Manager Throughput

Tomas tested the manager throughput (CPU usage) on three platforms and four devices. The platforms were pfSense, AsusWRT, and ClearOS. The four device/platform combinations were as follows:

  1. AMD G-T40E @ 1 GHz running pfSense using PF
  2. Broadcom BCM4718A1 @ 480 MHz running AsusWRT
  3. Broadcom BCM4709A0 @ 1 GHz running AsusWRT
  4. Intel i5-3570K @ 3.4 GHz running ClearOS
  5. AMD G-T40E @ 1 GHz running pfSense using IPFW

Tested was the maximum amount of requests per minute just before the CPU usage reached 100% while also maintaining a reasonable volume of erroneous responses. A request consisted of a DNS query followed by an HTTP GET over SSL. Under DTTS, the DNS query was responsible for opening a hole in the firewall while the HTTP request simulated a hit of that rule.

The results were:

  1. 4 req/s
  2. 20 req/s
  3. 55 req/s
  4. 200 req/s
  5. 200 req/s

The Intel (4) was not maxed out on the CPU usage side and would reasonably be able to achieve even higher throughput if it wasn’t for the onset of system limitations on how many concurrent open file descriptors any one process, and the system as a whole, can have.
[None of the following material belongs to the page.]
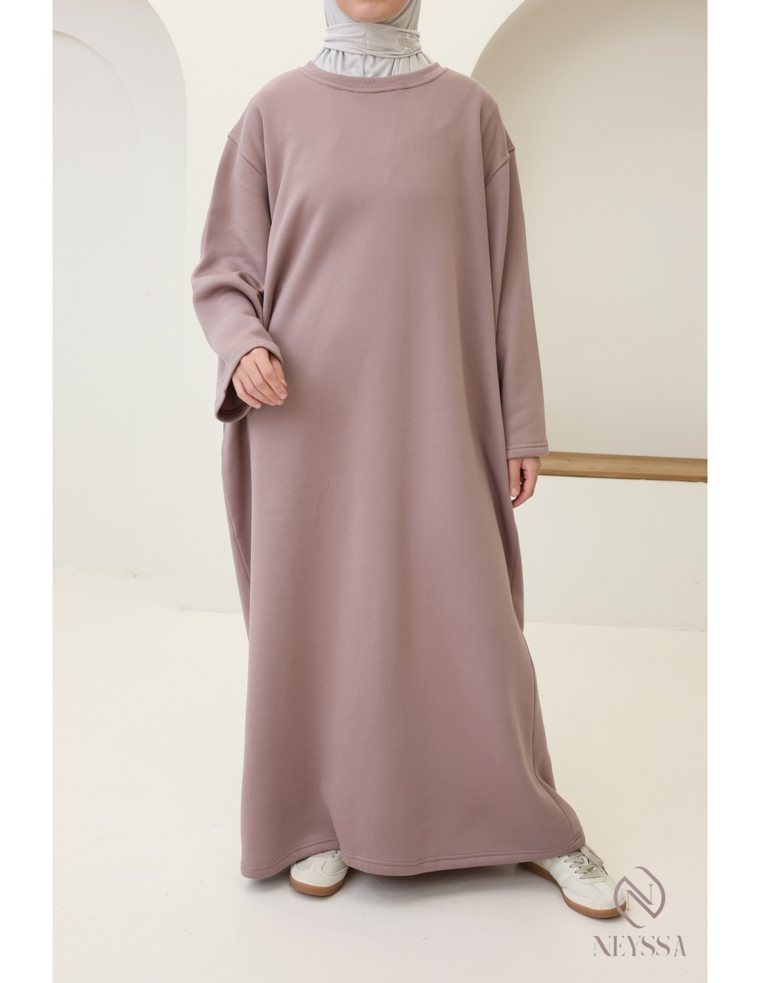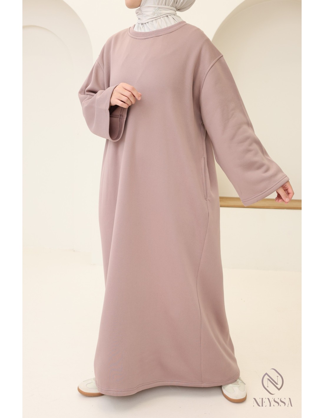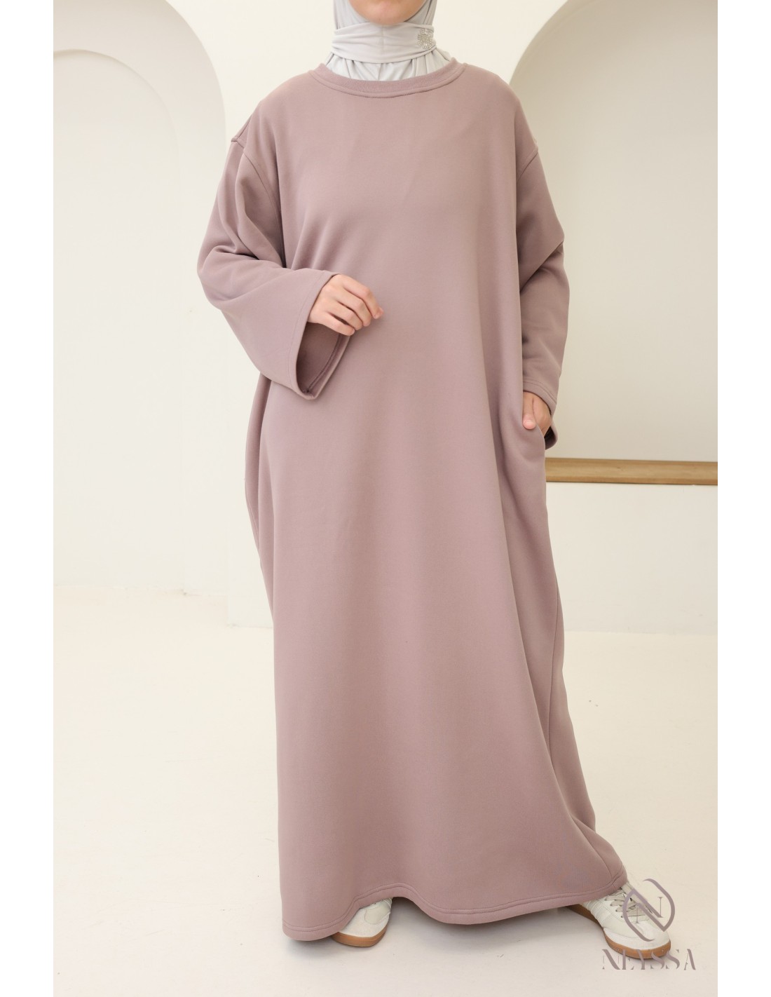 Hier ist ein wunderschönes langes Sweatshirtkleid, das sowohl modern als auch bequem ist. Es ist das unverzichtbare Kleidungsstück für kühle Tage. Dieses Kleid wurde entwickelt, um den Bedürfnissen nach Wärme, Stil und Bescheidenheit gerecht zu werden, und ist ideal für moderne verschleierte Frauen.

Theoretically, the higher the number of clients behind a router the more meaningful these numbers become in estimating what kind of a hardware needs to power such router. The open file descriptors issue can only be mitigated by load balancing and it is entirely possible that this will be a bigger problem than CPU usage due to DTTS.

Lastly, DTTS and non-DTTS modes were compared on (4) and it seems that the DTTS overhead is 3-4x.